I need to do my homework.

This means cornering some real experts.  It is how I got over my irrational fear of flying.  I found a pilot waiting for a lift from the hotel to the airport, and I fire-hydranted him in the lobby: “You’re at 34000 feet and engine one goes…” 

“Now engine two goes…” 

“Now what?” 

“Huh?!”

They glide?

I had no idea.

And a week later a 747 lost all its four engines and glided to safety.

This means reading articles from reputable sources that are more than a blog post long.  I know.  This is hard.  There is a reason we are told not to write more than 500 words.  More than that is too much for people to stick with.  But this is mandatory. We need to know the facts behind the facts, the issues behind the issues, the stories and philosophies and histories that are part of the whole thing.

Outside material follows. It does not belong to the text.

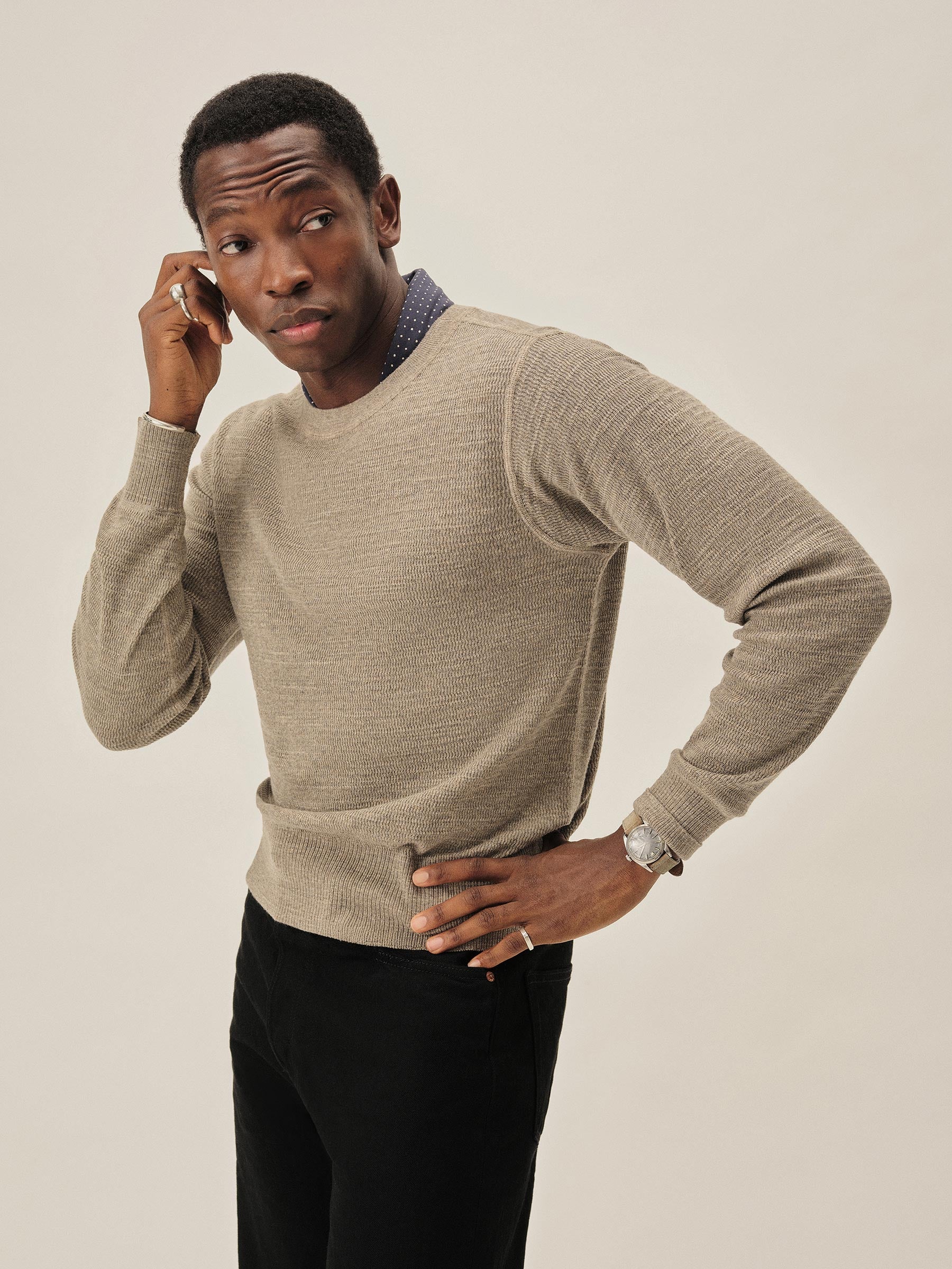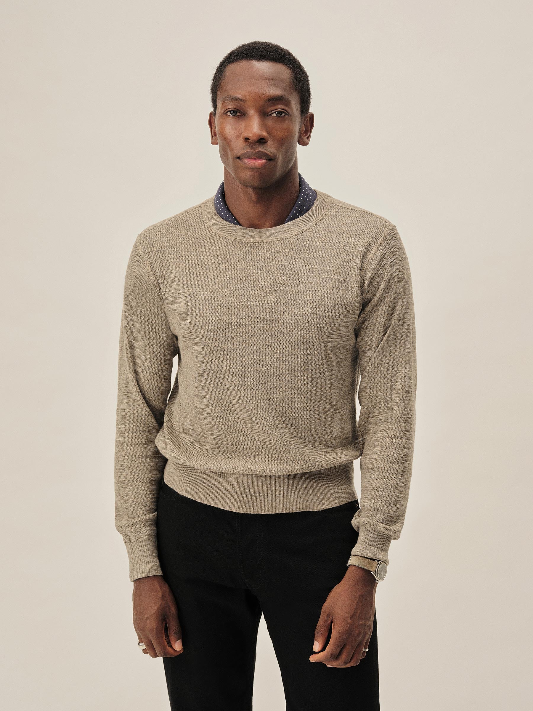 Inspired by WWII-era cut-and-sew thermals, this lightweight crew is knit from 100% slub cotton in a thermal stitch for breathable texture and vintage character. It’s finished with ribbing at the neck, cuffs, and hem, and yarn-dyed and garment-rinsed for a soft hand and broken-in feel.

This means listening, listening to someone else who has had a different experience than you, education than you, grew up in a different country (or county!) than you, has a different set of credentials than you.

One of the ways the sacred Hebrew and Greek scriptures invited people to love God was with their minds.  Not to the exclusion of their intuitions, or feelings, or nudgings.  But rather in concert with.

In an age when people believe some facts are alternative, some news is fake, and some truths are relative, we need to be the kind of people that truly know the difference.

We don’t just need to know why those we disagree with believe what they believe; we need to know why we believe what we believe.

And if we really should.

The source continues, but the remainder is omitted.